Fig 2 GEON grid monitor service
The next level of services includes data registration which covers both hosted and non-hosted sources. Data source registry includes, for each source: source schema; index metadata that situate the dataset in spatial, temporal and ontological (using OWL; see W3C 2004) contexts; data access services; permissions, and type of datasets management (hosted vs non-hosted). Further, spatial data integration services of the middle tier include data discovery, conversion, query rewriting and execution, and results assembly services. The services assembled here support the mediation strategy of data integration [Wiederhold 1992, and in the geospatial context: DeVogele et al. 1998, Gupta et al. 1999, Shimada and Fukui 1999, Boucelma et al. 2002], which is appropriate for a system composed of individually created and maintained sources some of which are external to the community grid.
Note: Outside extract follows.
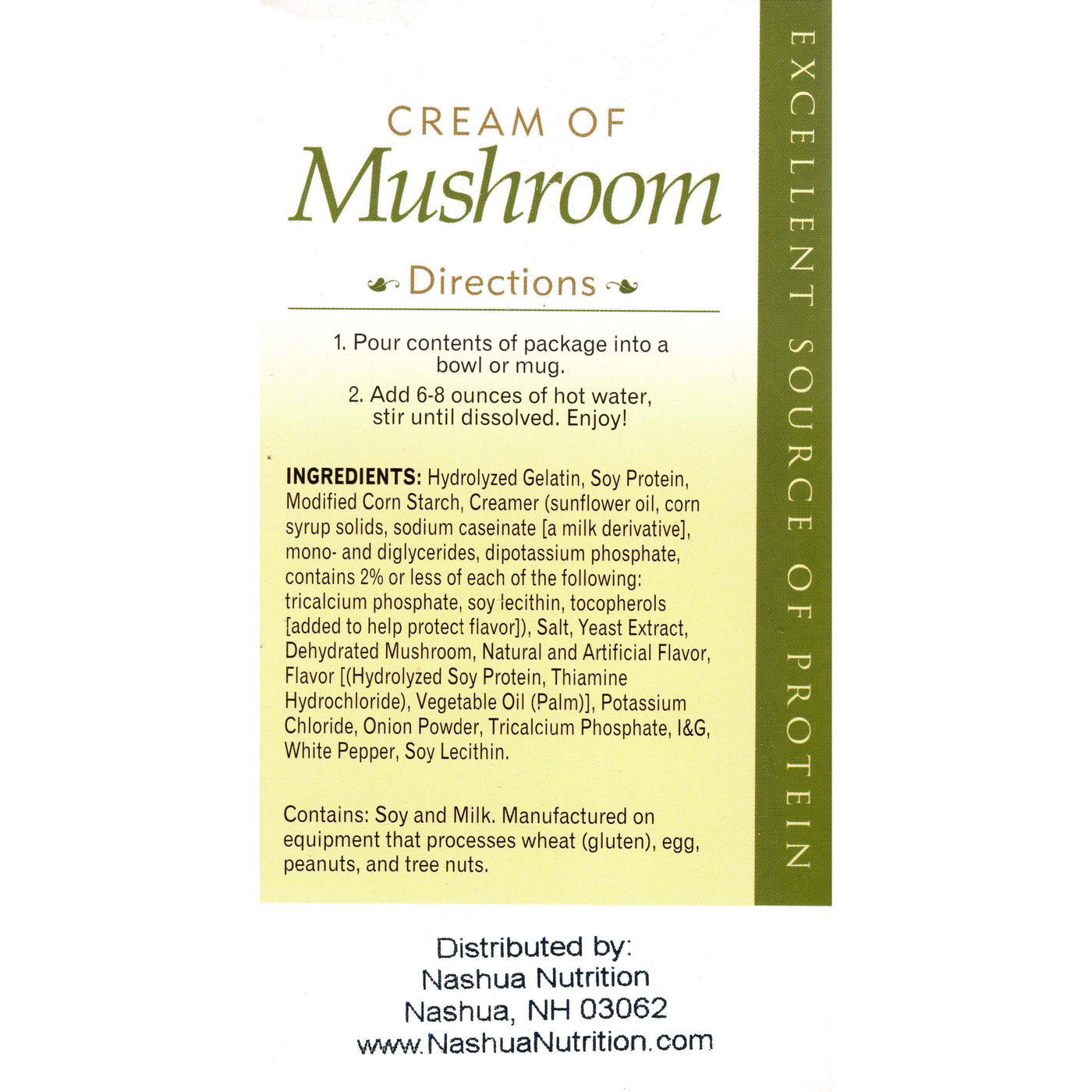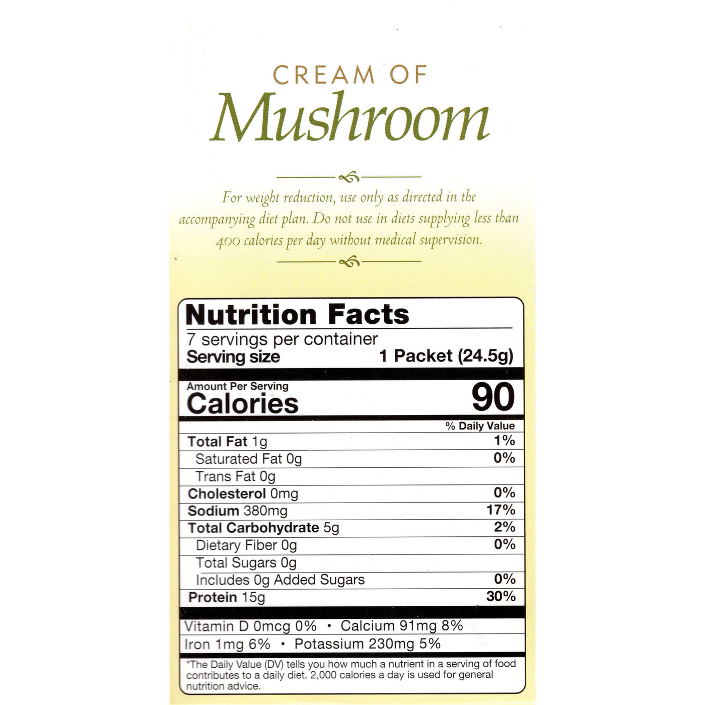 Enjoy the hearty and wonderfully creamy HealthSmart Cream of Mushroom Soup. This low-calorie, low-fat soup is the perfect solution when you are craving a delicious warm dinner or a cold-weather lunch. This protein-packed soup contains 15g of protein per serving, with each box containing 7 servings. This soup can also be used a healthy alternative in recipes that call for Mushroom soup.

Fig 3 Internal organization of the map assembly service
Finally, the services can be accessed from both desktop (ArcGIS) and web clients (through a web portal). The portal allows users to formulate queries against the global schema and send them to the mediator for execution. The result is a composite map, as described in the scenario below.
The additional abstraction layers inherent in the data grid solution, including logical name space for data resources, common data and collections management operations, standard data access API and security abstractions, and the uniform services-based access protocols, alleviate structural and syntactic problems of GIS interoperability.
However, other types of source heterogeneity remain challenging for integration:
- semantic heterogeneity, i.e. disagreements about meaning or interpretation of similar data, which requires registering semantics of the datasets and rewriting user queries based on such semantic descriptions;
- management heterogeneity, i.e. different sets of functionality enabled over datasets that are hosted versus external to the grid. For example, hosted datasets may follow replication and transformation policies adopted by the grid, while external do not. Such heterogeneity needs to be considered for efficient query execution planning;
- different dataset sizes and shipping costs which necessitate different access strategies, e.g. "staging" large datasets for fast access from web clients, parallel data transfer, versus packaging collections of small files. The latter issue became especially challenging within the BIRN project, where, in order to deliver large (2-4 Gb) brain images to a Java-based Web atlas tool, they had to be exposed as transient "image map services" [Zaslavsky et al. 2004b]. Dynamic on-demand generation of map services is the central feature of the map assembly techniques described below, which are the core component of spatial data integration services.

Figure 4. Example of mapping query results from a non-hosted database with a dynamically generated ArcIMS service (BorderSafe project)